# Toshiba 281C Double-Side Scanning and File Format



## ejunussov (May 2, 2008)

Is there any way to scan double-sided pages in Toshiba 281C? There only seems to be an option for single-side page scanning. 

Another question I have is regarding selection of the default scan file format. My machine always defaults on tiff. Is there any way to default on pdf?

Thank you in advance,

Ed


----------



## TheCopierGuru (May 2, 2008)

You simple press USER FUNCTIONS button, then selected the USER tab. Press the SCAN icon. There on the right you will see 2 sided scan. Select BOOK to scan both sides of an original.

If you are scanning from a template let me know and I will tell you how to modify the template in Top Access. 

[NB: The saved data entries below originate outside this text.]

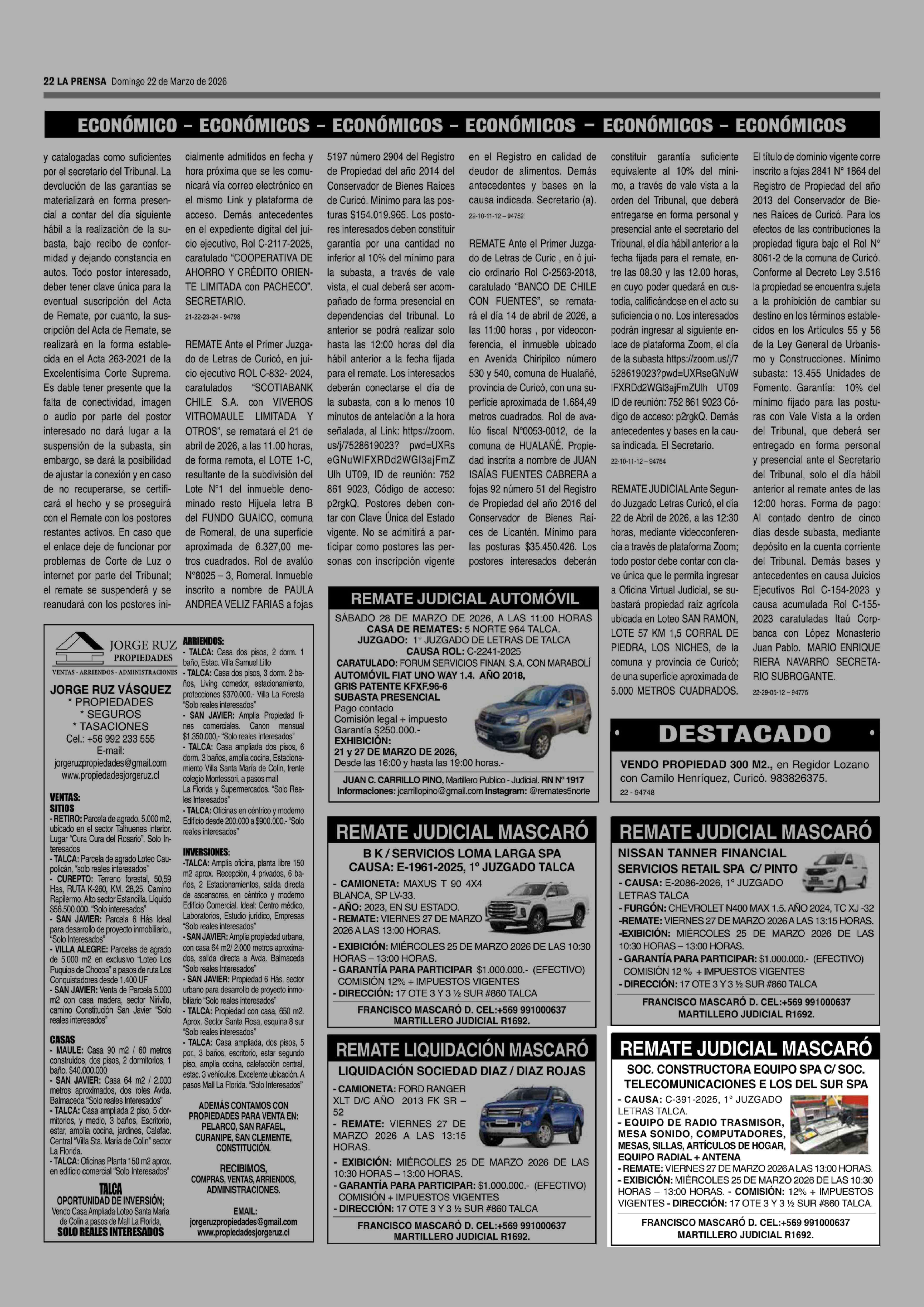 Fecha: 22-03-2026 Sector: Remates Región: Región del Maule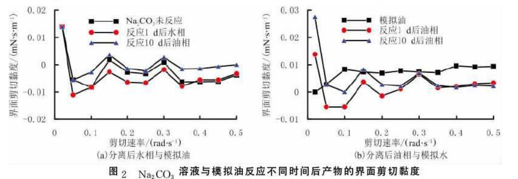 Na2CO3溶液與模擬油反應(yīng)不同時(shí)間后產(chǎn)物的界面張力、剪切黏度(二)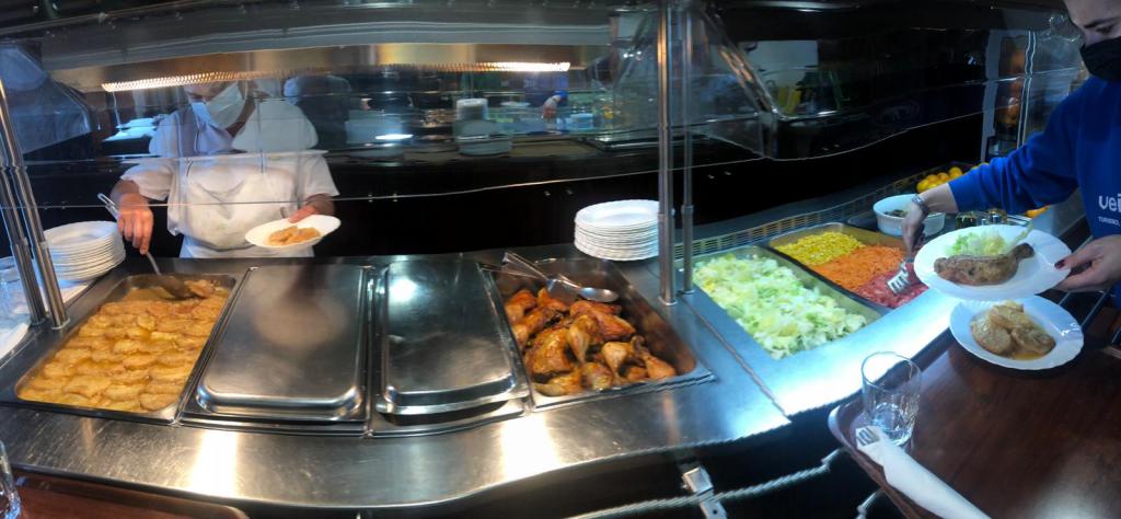Menú del día: patatas a la importancia , pollo asado , ensalada y fruta. ¡Riquísimo!

Also, if you need the user's manual, request it on my forum at thecopierguru.com and I will attach it to a private message to you.

TheCopierGuru.com


----------



## ejunussov (May 2, 2008)

Thank you very much, it worked.

Would you know how to make pdf the default format when scanning?

Ed


----------



## TheCopierGuru (May 2, 2008)

Shut your machine down. Hold down the 0 and 8 keys at the same time while you turn the copier on and keep them held until you hear a beep then let to of the keys. You will be in adjust mode.

Enter 219 and press start. 
Change the 0 to a 1 and press start.
Hold down the energy saver button and keep it held until the machine automatically turns itself off (you will hear a series of beeps while it is shutting down).

Adjust mode is a powerful tool that should only be used by a trained and qualified technician; so what ever you do, don't experiment. Only follow the directions I gave.


----------



## ejunussov (May 2, 2008)

Thank you very much TheCopierGuru! The code worked fine. The only deviation I had was that my JPEG option is now greyed out. Is it an intended consequence? I never use JPEG for scanning, but in case I want to go back, is there a code for that?

Ed


----------



## TheCopierGuru (May 2, 2008)

The code that you set causes the default to be PDF when you are in black and white mode. I believe if you put your copier in full color mode your jpeg icon will be available.


----------



## ejunussov (May 2, 2008)

You are right, TheCopierGuru. Thanks a lot!

Ed


----------